I in no way meant to imply that this is a characteristic of any services mentioned here of course. And I do agree that " it is naive to assume the ability, necessity, or 'ethical' compulsion to attempt to avert such" - I too advocate euthanasia and the right to end ones own life. But that is only my opinion - it is the collective knowledge we acquire through discussion and examination of cases and situations that not only may occur, but also are in my view fairly likely, such as the one I raised, and not a worst case scenario at all.
While professionals may have "a firm grasp of online dynamics as well as well thought out frameworks of intervention", that wont protect them from not having to consider the "worst case scenarios" and what they do in the event of them happening.
Kate
Leon Tan said:"So look at it this way - I am turning to the Internet for help to reach out to a professional, qualified and post-qualified counsellor who has a presence online. I find an organisation that is offering me a quick anonymous chat, and the disinhibition effect means I pour my heart out and by the end of the session allowed, I am suicidal, tell the counsellor so, and what will he or she do with that? This is exacerbated by lack of training in the field, but that is a different thread..."

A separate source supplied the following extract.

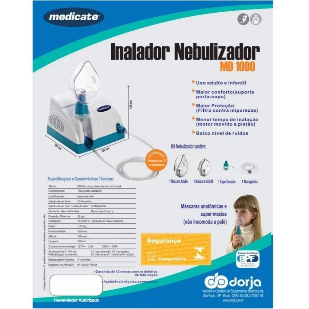 NEBULIZADOR INALADOR MEDICATE MD1000 BRANCO Verde BIVOLT ENVIO IMEDIATO !!!!! O inalador Nebulizador Ultrassônico Medicate é portátil, sendo indicado para uso residencial Ele não utiliza copo descartável para deposição do medicamento: Conta.com design inovador sendo leve e de fácil manuseio Acompanha máscara de uso adulto e mascara infantil. Qinalador ou nebulizador é o aparelho utilizado para malação de medicamentos, por meio de vapores que chegam aos pulmões e penetram nos bronquios. Dessa forma, ele é extremamente eficaz para tratamento de problemas respiratórios sejam em bebés, crianças, adultos ou idosos. O inalador ultrassônico é mais moderno e silencioso. Ele é capaz de quebrar as moléculas do medicamento, produzindo uma névca que é absorvido mais rapidamente pelo organisma Outra vantagem do inalador ultrassonico MD 3000, é que ele pode ser usado em qualquer posição que o paciente estega, inclusive destado, proporcionando conforto e segurança BENEFÍCIOS: -Tecnologia: controle inteligente de temperatura de operação -Sensor de falta de liquidos no recipiente: -Econômica baxo consumo de energia: -Ecologicamente correto não utiliza copos descartáves -Design inovador portant -Prática silencioso leve e de facil manuseio -Versátil.com 2 tamanhos de máscaras, pode ser utilizado em adultos e crianças Indicado para doenças adquiridas pelas vias respiratórias: Para crianças, adultos e idosos. INFORMAÇÕES ADICIONAIS: O inalador ultrassônico é o mais moderno e silencioso que o inalador de ar comprimido. Ele é capaz de quebrar as moléculas do medicamento, produzindo uma névoa que é absorvido mais rapidamente pelo organismo. Outra vantagem desse inalador é que ele pode ser usado em qualquer posição que o paciente esteja, inclusive deitado. Não se pode utilizar no inalador ultrassonico medicamentos do tipo corticoide, muito utilizados para evitar crises de asma Esses medicamentos perdem a eficacia quando utilizados no aparelho ultrassonico. O aparelho pode ser usado sem nenhum problema para inalação de soro fisiológico e broncodilatadores Osmais connecidos desta classe de medicamentos são o brometo de ipratropio (Atrovent), bromidrato de fenoterol (Beratec) eo sulfato de salbutamol (Aerolin CONSERVAÇÃO -Antes de manusear o equipamento e a medicação deve-se sempre lavar as mãos.com sabito cestro e secar be -Desmontar e lavar a máscara com água e detergente neutro -Higienizar com clorexidina ou de molho em polução de hipoclorito de sodio todas as vezes que usar. decor separantes de guardar -Mangueira colocar de moto em água com 1 colher de hipoclorito de sodio por 1 h, dear secare armazenar num saco protetor -Guardar na caixa ou em local protegido de poera e particulas INFORMAÇÕES TÉCNICAS: -Inalador Ultrassonico-MD-Medicate: -Modelo: MD300, -Carcaça em ABS Policarbonato; -Placa eletrônica microcontrolada, incorpora fluxo de ar (ventilação positiva). -Sensor de falta de líquido no recipiente, -Desligamento automático em 10 min, -Baixo consumo de energia (40VA): -Frequencia de operação 2.5MHZ. -Voltagem Bivolt automatica

OK, this is perhaps a 'worst case' scenario, and by no means one that is necessarily characteristic of a service such as the alcohol and drug service I mentioned or of Moodgym for instance.

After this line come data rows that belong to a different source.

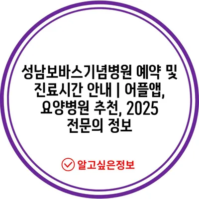 ✅ 성남보바스기념병원의 진료시간과 예약 방법을 꼭 확인해 보세요.
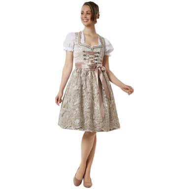Den mjuka färgkontrasten mellan rosa och beige framstår som elegant, kvinnlig och ändå modern – en kombination som nytolkar klassiska folkdräktselement. Dirndlen kan utmärkt kombineras med ljusa blusar, subtila smycken och pumps eller ballerinaskor i rosé eller kräm.
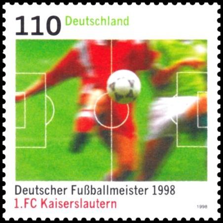 Champion d'Allemagne de football, 1998, le "1.FC Kaiserlaustern". Détail joueurs en action, terrain.
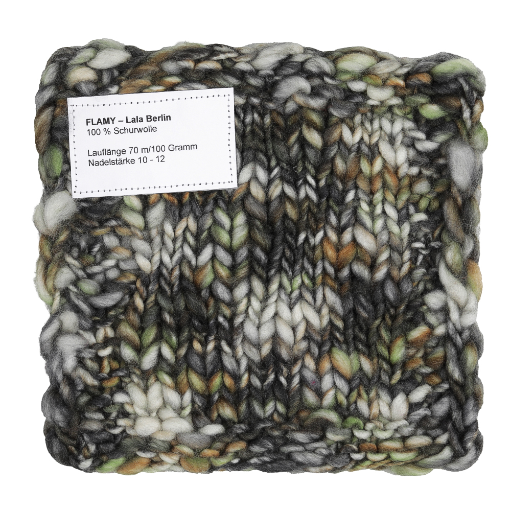 Lana Grossa Flamy – Lala Berlin Edition är det kreativa trendgarnet med en spännande struktur och moderna färgeffekter. Det lätta, värmande garnet gör varje stickat plagg till en riktig blickfångare.

What I agree on is that there is a lack of training in the field, but within practices run by professionals with a firm grasp of online dynamics as well as well thought out frameworks of intervention, is it really fair to raise such a worst case image?
In any case, therapists offline DO lose clients to suicide... there is a point beyond which I think it is naive to assume the ability, necessity, or 'ethical' compulsion to attempt to avert such.